What you need to do ::
Going through the material below, output exactly the lines from the one containing "ThatOneThing is a" through the one containing "Das Wohnzimmer ist", and no pictures.

Data excerpts Start Marker

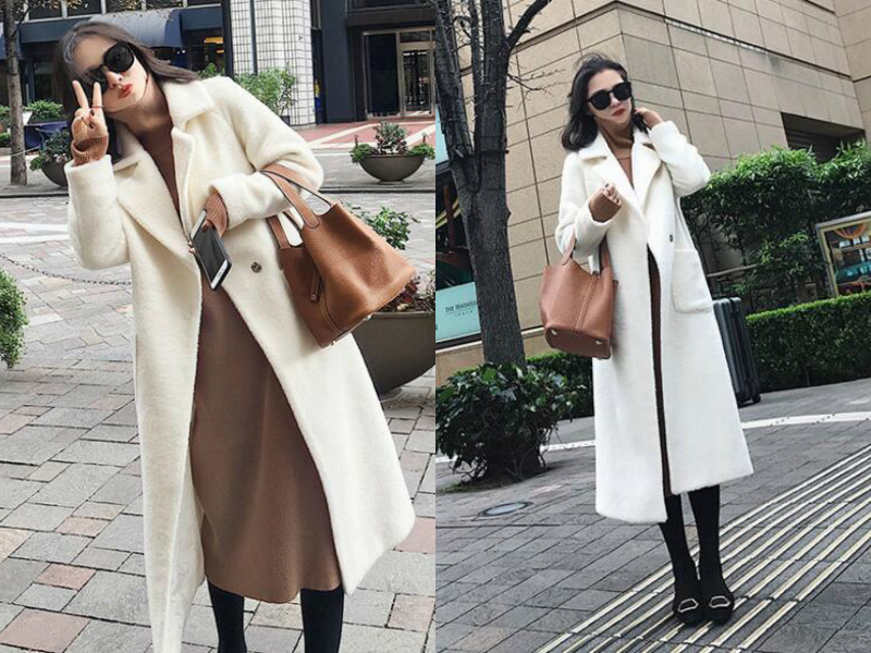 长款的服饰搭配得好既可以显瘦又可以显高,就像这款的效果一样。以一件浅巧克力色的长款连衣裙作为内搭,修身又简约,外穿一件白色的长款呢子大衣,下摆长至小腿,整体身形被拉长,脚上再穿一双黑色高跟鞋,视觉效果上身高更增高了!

Data excerpts End Marker
Data excerpts Start Marker

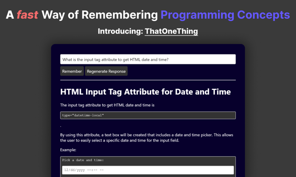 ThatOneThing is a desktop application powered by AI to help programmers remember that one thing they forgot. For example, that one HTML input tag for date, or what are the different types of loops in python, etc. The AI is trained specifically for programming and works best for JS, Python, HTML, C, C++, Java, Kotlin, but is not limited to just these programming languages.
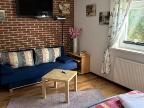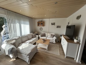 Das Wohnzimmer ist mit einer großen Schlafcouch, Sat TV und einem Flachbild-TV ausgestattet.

Data excerpts End Marker

Output of the exercise ::
 ThatOneThing is a desktop application powered by AI to help programmers remember that one thing they forgot. For example, that one HTML input tag for date, or what are the different types of loops in python, etc. The AI is trained specifically for programming and works best for JS, Python, HTML, C, C++, Java, Kotlin, but is not limited to just these programming languages.
 Das Wohnzimmer ist mit einer großen Schlafcouch, Sat TV und einem Flachbild-TV ausgestattet.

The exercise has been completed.